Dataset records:
##########

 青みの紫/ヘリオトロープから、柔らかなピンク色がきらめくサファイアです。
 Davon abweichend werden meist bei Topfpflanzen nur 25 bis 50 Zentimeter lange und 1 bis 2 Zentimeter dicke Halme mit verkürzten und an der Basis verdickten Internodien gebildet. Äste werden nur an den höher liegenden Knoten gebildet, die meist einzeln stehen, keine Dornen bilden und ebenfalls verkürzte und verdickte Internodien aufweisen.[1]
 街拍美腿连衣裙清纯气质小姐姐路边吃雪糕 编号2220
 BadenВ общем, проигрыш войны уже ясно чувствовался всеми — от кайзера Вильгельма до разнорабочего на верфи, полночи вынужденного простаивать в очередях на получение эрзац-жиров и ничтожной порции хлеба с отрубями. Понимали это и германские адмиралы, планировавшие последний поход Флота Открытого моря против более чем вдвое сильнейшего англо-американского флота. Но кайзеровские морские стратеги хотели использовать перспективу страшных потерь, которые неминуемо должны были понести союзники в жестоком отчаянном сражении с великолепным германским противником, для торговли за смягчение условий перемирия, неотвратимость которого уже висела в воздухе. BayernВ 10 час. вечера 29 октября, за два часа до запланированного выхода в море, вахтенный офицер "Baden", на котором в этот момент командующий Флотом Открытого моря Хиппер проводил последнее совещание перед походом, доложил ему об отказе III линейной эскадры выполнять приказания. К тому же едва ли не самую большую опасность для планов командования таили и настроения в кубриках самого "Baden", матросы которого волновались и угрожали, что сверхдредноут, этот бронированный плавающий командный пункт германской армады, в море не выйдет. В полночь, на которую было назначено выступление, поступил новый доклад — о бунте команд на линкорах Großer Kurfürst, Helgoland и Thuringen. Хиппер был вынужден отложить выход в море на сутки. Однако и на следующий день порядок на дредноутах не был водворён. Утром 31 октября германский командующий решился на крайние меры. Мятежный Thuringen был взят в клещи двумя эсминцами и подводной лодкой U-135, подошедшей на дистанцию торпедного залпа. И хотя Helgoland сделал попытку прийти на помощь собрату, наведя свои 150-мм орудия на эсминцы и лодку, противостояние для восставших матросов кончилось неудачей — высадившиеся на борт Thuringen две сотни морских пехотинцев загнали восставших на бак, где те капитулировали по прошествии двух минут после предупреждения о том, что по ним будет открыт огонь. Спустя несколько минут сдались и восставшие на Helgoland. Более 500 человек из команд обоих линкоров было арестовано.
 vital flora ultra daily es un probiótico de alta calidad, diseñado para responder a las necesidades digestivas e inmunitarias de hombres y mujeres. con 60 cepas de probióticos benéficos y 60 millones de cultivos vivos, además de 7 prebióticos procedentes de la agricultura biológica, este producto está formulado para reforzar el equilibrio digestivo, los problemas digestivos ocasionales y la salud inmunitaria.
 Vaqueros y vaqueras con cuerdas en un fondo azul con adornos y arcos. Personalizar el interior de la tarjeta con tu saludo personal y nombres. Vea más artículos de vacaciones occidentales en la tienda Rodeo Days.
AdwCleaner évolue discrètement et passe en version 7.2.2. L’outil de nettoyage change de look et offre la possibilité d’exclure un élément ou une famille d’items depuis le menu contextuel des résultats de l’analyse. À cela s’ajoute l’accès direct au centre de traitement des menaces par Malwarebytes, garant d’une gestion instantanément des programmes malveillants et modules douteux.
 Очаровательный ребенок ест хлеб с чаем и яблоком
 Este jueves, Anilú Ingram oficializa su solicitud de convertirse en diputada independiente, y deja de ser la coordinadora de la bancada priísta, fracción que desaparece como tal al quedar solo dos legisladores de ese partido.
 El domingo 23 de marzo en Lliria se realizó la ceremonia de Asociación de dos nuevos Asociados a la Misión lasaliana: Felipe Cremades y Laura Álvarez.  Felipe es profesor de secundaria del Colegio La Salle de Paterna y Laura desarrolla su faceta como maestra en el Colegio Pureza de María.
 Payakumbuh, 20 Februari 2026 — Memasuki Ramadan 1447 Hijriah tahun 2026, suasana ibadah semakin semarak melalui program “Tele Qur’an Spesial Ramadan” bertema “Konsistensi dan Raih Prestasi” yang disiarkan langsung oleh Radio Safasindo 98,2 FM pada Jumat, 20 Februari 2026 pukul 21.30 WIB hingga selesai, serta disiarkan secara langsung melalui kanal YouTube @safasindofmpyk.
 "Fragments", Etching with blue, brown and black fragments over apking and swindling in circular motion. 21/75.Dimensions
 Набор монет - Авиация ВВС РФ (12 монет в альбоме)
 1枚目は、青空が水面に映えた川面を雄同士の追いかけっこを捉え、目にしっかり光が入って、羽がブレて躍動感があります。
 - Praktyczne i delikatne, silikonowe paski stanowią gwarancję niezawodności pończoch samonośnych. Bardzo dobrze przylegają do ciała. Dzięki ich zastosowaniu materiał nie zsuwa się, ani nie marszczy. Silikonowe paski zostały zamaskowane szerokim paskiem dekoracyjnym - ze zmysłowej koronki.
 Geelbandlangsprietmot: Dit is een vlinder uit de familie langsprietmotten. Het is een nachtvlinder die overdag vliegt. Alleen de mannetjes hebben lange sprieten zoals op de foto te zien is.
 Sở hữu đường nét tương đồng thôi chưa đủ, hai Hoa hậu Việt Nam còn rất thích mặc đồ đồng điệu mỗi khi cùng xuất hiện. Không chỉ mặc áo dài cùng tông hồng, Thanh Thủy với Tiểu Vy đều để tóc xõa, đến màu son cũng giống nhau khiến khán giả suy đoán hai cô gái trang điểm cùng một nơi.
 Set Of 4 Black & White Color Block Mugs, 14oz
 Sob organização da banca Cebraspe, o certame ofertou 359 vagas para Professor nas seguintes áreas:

##########

Exercise: Reproduce every line from the entries that holds the word "lange".

Expected answer:
 Davon abweichend werden meist bei Topfpflanzen nur 25 bis 50 Zentimeter lange und 1 bis 2 Zentimeter dicke Halme mit verkürzten und an der Basis verdickten Internodien gebildet. Äste werden nur an den höher liegenden Knoten gebildet, die meist einzeln stehen, keine Dornen bilden und ebenfalls verkürzte und verdickte Internodien aufweisen.[1]
 Geelbandlangsprietmot: Dit is een vlinder uit de familie langsprietmotten. Het is een nachtvlinder die overdag vliegt. Alleen de mannetjes hebben lange sprieten zoals op de foto te zien is.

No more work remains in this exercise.